◆ **What you need to do**: The answer is a stretch of the material below, returned exactly: the line containing "Ferienwohnung bietet Platz", the line containing "2boys alternate_costume black_hair", and all lines between.

◆ **Available data**:
BEGIN

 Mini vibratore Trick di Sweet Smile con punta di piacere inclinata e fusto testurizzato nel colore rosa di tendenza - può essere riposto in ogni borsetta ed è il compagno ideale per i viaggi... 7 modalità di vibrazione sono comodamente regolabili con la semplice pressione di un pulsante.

END
BEGIN

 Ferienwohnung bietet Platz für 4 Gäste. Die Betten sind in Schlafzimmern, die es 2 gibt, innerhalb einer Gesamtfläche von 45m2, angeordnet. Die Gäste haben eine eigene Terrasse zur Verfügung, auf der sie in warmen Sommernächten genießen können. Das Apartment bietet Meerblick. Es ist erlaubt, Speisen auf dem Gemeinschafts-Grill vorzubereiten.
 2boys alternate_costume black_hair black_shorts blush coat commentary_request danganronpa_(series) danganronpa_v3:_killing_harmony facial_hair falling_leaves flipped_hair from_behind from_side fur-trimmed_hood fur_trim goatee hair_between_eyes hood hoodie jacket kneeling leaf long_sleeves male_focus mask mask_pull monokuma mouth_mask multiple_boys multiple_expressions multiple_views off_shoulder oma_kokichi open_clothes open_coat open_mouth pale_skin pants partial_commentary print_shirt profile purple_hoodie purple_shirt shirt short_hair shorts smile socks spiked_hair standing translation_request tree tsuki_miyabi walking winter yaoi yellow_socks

END
BEGIN

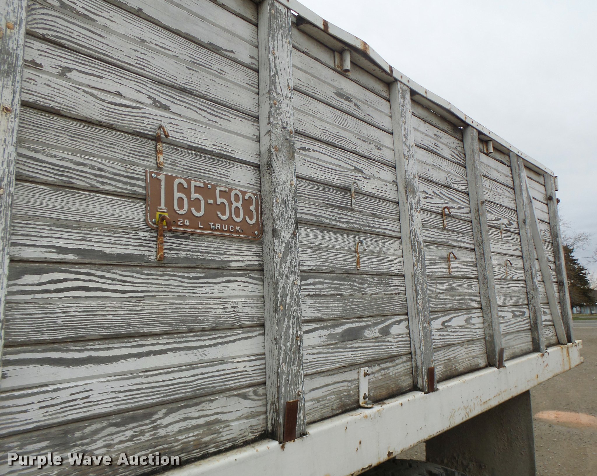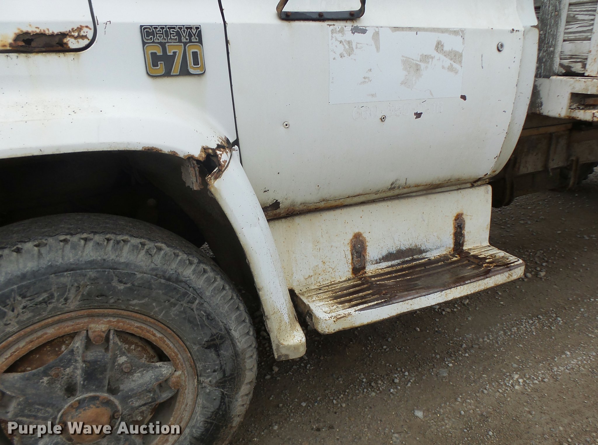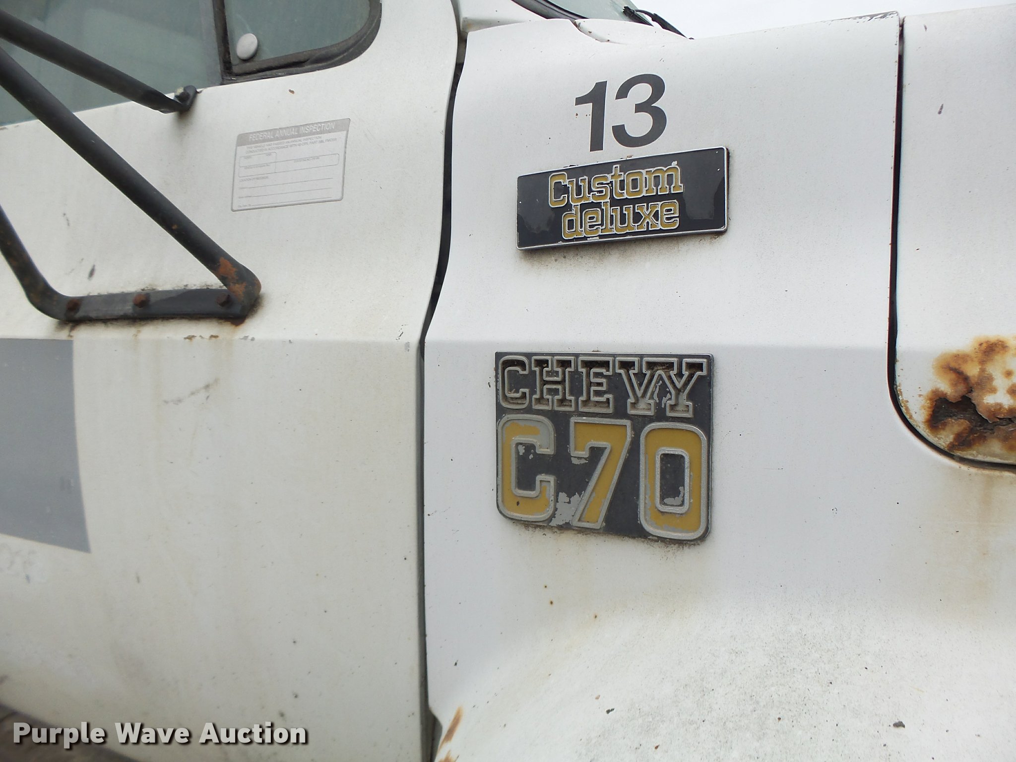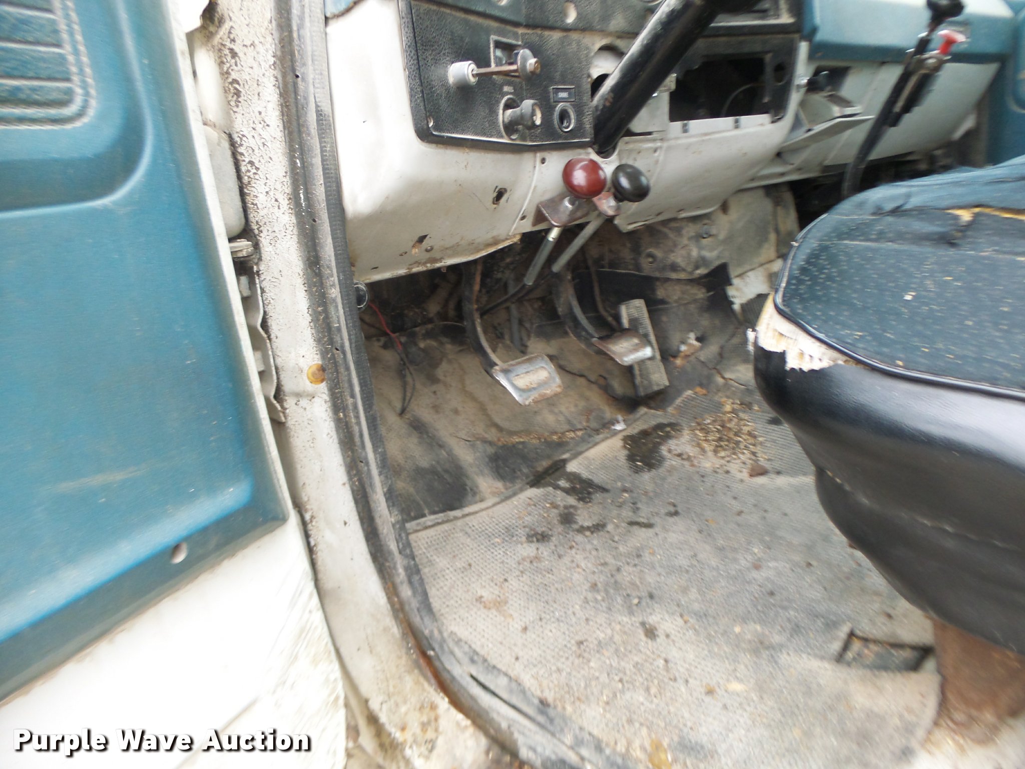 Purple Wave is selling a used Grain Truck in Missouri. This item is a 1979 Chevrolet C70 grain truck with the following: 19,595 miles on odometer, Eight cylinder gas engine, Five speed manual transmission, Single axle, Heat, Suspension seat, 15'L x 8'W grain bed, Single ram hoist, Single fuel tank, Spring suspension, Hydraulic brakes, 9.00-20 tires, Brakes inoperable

END

◆ **Task output**:
 Ferienwohnung bietet Platz für 4 Gäste. Die Betten sind in Schlafzimmern, die es 2 gibt, innerhalb einer Gesamtfläche von 45m2, angeordnet. Die Gäste haben eine eigene Terrasse zur Verfügung, auf der sie in warmen Sommernächten genießen können. Das Apartment bietet Meerblick. Es ist erlaubt, Speisen auf dem Gemeinschafts-Grill vorzubereiten.
 2boys alternate_costume black_hair black_shorts blush coat commentary_request danganronpa_(series) danganronpa_v3:_killing_harmony facial_hair falling_leaves flipped_hair from_behind from_side fur-trimmed_hood fur_trim goatee hair_between_eyes hood hoodie jacket kneeling leaf long_sleeves male_focus mask mask_pull monokuma mouth_mask multiple_boys multiple_expressions multiple_views off_shoulder oma_kokichi open_clothes open_coat open_mouth pale_skin pants partial_commentary print_shirt profile purple_hoodie purple_shirt shirt short_hair shorts smile socks spiked_hair standing translation_request tree tsuki_miyabi walking winter yaoi yellow_socks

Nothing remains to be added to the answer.